谱系依赖神经微环路形成的分子机制

Dysfunctional neuronal connectivity has been implicated in many neurological disorders, such as autism spectrum disorders (ASD). Except social interaction difficulties, communication challenges and a tendency to engage in repetitive behaviors, ASD also affect emotional control, perception and certain type of memories in patients. Synaptic specificity is the basis of forming neural microcircuits, however, the underlying molecular mechanism remains largely unknown. An increasing amount of data show that neurons specifically connect with each other to assemble specific neural circuits with specific physiological functions. As a small scale of brain circuits, the neural microcircuits offer a very attractive intermediate for us to study the brain, which contains a much more complex network. We will take advantage of the newly identified lineage-dependent microcircuit in which sister cells originated from a common progenitor preferentially form synapses, to investigate the mechanism how cells can recognize each other and then form synapses in neural microcircuits. Our preliminary data showed that clustered protocadherins (PCDH), ASD risking factors, are the basis of neuronal diversification. PCDH are the largest subfamily of homophilic cell adhesion molecules, which play important roles in synapse formation. Because of the above reasons, we will combine several complementary techniques, such as multiple whole-cell patch clamp recordings, manipulating protein expression in transgenic mice and single-cell RT-PCR to identify the roles of protocadherin in synaptic specificity. Successful completion of our study will not only result in a comprehensive understanding of the specification of synapse formation, but also provide a new insight into the pathogenesis of ASD at the neural circuit level. It should also have important implications for the prevention and treatment of unreliable perception and emotional control in ASD.

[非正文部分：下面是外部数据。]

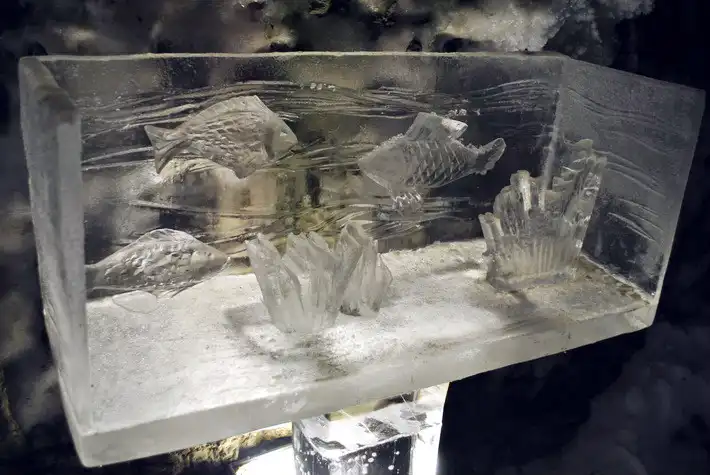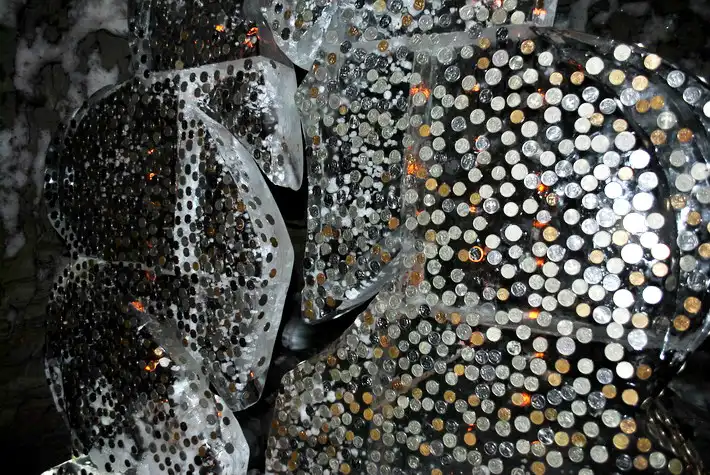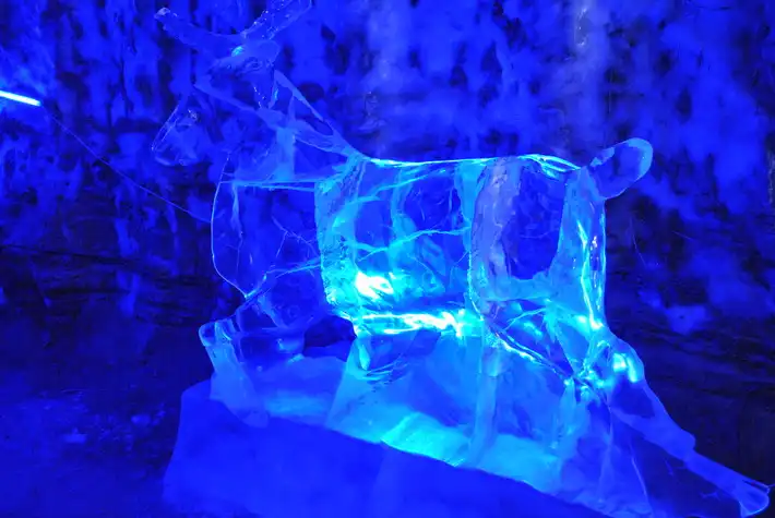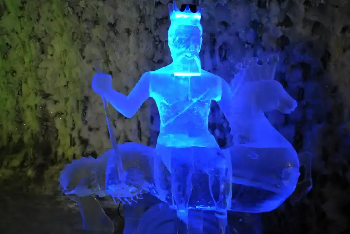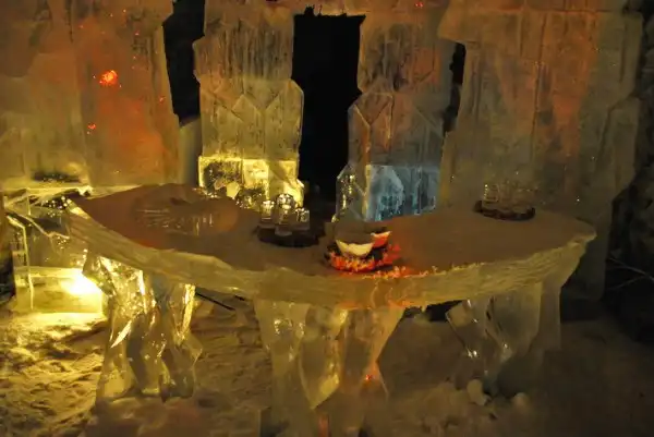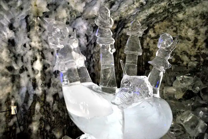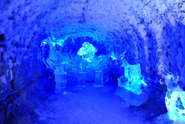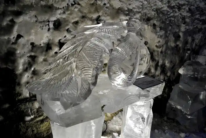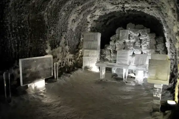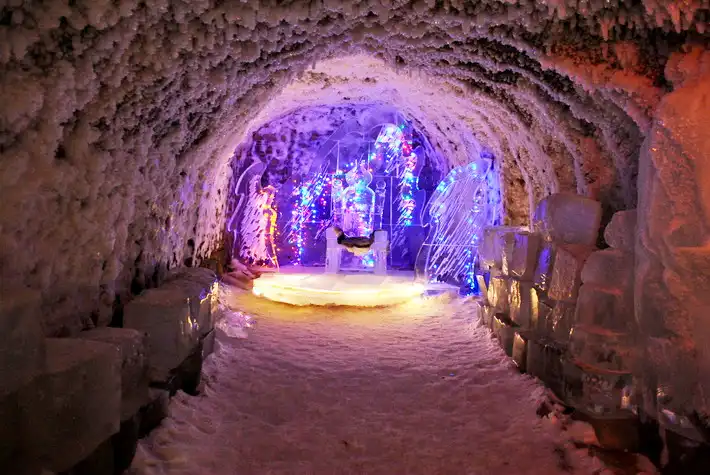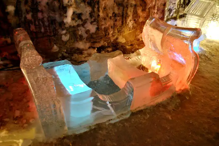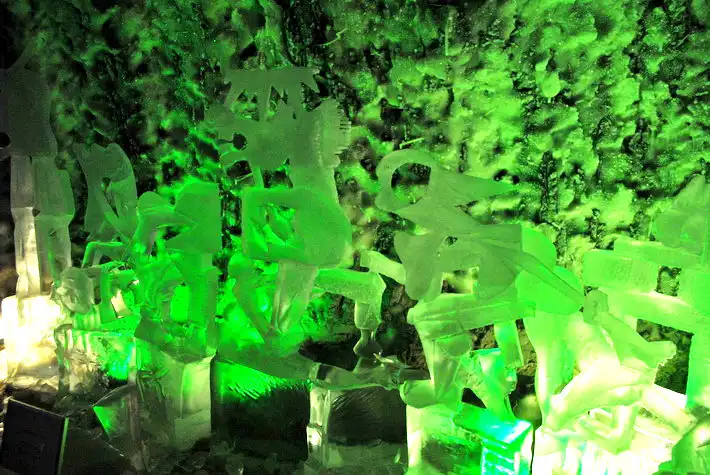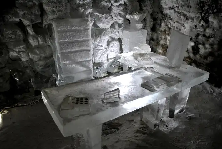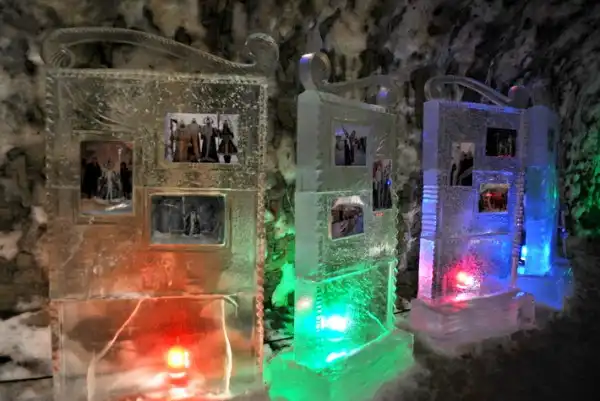 В общем, приехали мы к какой-то горе километрах в 30 от Якутска, попрыгали через лужи грязи ко входу, заплатили по 400 рублей с рыла, открыли обычную офисную пластиковую дверь и оказались в зазеркалье с температурой минус 14. Ожидания не оправдались на все сто: то, что будет круто, стало ясно в первую же секунду.

神经环路形成的异常会导致自闭症等多种神经性疾病。自闭症患者在情感控制，对外感知以及记忆方面等有异于常人。突触特异性是神经环路形成的基础，但其分子机制却非常不清楚。众多数据表明神经元间会特异性地彼此相连组成特定的神经环路，参与特定的生理功能。这些相对简单的神经环路给我们提供了一个认识复杂大脑的平台。我们将充分利用新近鉴定的谱系依赖微环路中姊妹细胞能够优先形成突触这个现象来研究突触特异性，以阐明神经环路中神经元间是如何特异性识别对方，进而形成突触。我们初步数据表明自闭症风险因子成簇性原钙粘蛋白是神经元多样化的基础，这类分子嗜同相吸，参与突触形成。我们将结合多通道全细胞膜片钳记录、转基因小鼠和单细胞RT-PCR等多种主要实验手段来验证该蛋白在突触特异性中的作用。该项目的成功实施将极大增强我们对大脑中神经环路组装机理的了解，同时也能够帮助理解自闭症患者为何会具有情感控制和对外感知不稳定等症状。